In the example of the food delivery app, advertisers can use performance marketing to understand the impact of their advertising beyond installs. With cost per event (CPE) analysis, campaigns can start to optimize toward the specific “event” of the first-time order. 

This performance-based approach enables marketers to understand down-funnel consumer behavior, and anything from completing a level to making a purchase can be optimized as an event. Starting with an app’s business goal, learning periods, and experimentation, marketers can identify an ideal channel mix that yields users most likely to take the specific action.

Machine learning coupled with powerful data analytics can help app advertisers find their ideal audience and continually optimize campaigns in real time to yield more of those specific down-funnel events. This allows apps to scale UA profitably and avoid ad waste on consumers unlikely to generate high lifetime value (LTV).  

Opportunity in CTV for App Marketers  

While CTV is a new and exciting marketing channel, its pricing model has historically been based on impressions, charging brands for eyeballs rather than results. This can seem hard to justify in our current economic reality, especially for apps operating on thinner margins. 

To leverage CTV efficiently, marketers should test its advantages as a performance channel and shift their buying from a CPM to CPI (cost per install) model, making it a natural extension of their UA campaigns. 
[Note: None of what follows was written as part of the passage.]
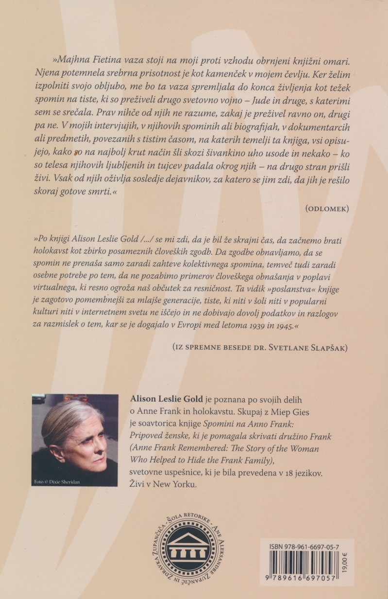 »Majhna Fietina vaza stoji na moji proti vzhodu obrnjeni knjižni omari. Njena potemnela srebrna prisotnost je kot kamenček v mojem čevlju. Ker želim izpolniti svojo obljubo, me bo ta vaza spremljala do konca življenja kot težek spomin na tiste, ki so preživeli drugo svetovno vojno – Jude in druge, s katerimi sem se srečala. Prav nihče od njih ne razume, zakaj je preživel ravno on, drugi pa ne. V mojih intervjujih, v njihovih spominih ali biografijah, v dokumentarcih ali predmetih, povezanih s tistim časom, na katerih temelji ta knjiga, vsi opisujejo, kako so na najbolj krut način šli skozi šivankino uho usode in nekako – ko so telesa njihovih ljubljenih in tujcev padala okrog njih – na drugo stran prišli živi. Vsak od njih oživlja sosledje dejavnikov, za katero se jim zdi, da jih je rešilo skoraj gotove smrti.«

Marketers should prioritize collaborating with channel partners that provide a single access point across mobile and CTV for their performance campaigns. This enables transparent omnichannel reporting that delivers deeper insights for more holistic optimization across channels. 

For example, while tapping into performance-based buying on CTV, marketers can still track performance on a CPE basis, optimizing toward channels where users convert on the desired event, such as first-orders for food delivery apps, as mentioned earlier. This ensures sustainable, cost-effective ROI while increasing user LTV.

By only paying for installs, advertisers turn impressions into a powerful value add for additional brand awareness. For example, users who see a CTV ad for a dating app may not be able to install it immediately, but they may do so later, creating a halo effect from the campaign that delivers long-term benefits. 

As viewership reaches new heights and ad spend projected to grow 21% this year, app developers and marketers neve have had a better time to reach incremental new audiences on this channel. 

With CPI pricing, efficient performance marketing for apps — relying on the same measurement infrastructure as mobile — is more than possible on CTV. In fact, CTV may be all but necessary to stand out in the increasingly competitive app marketplace and scale revenue through the acquisition of high-value users.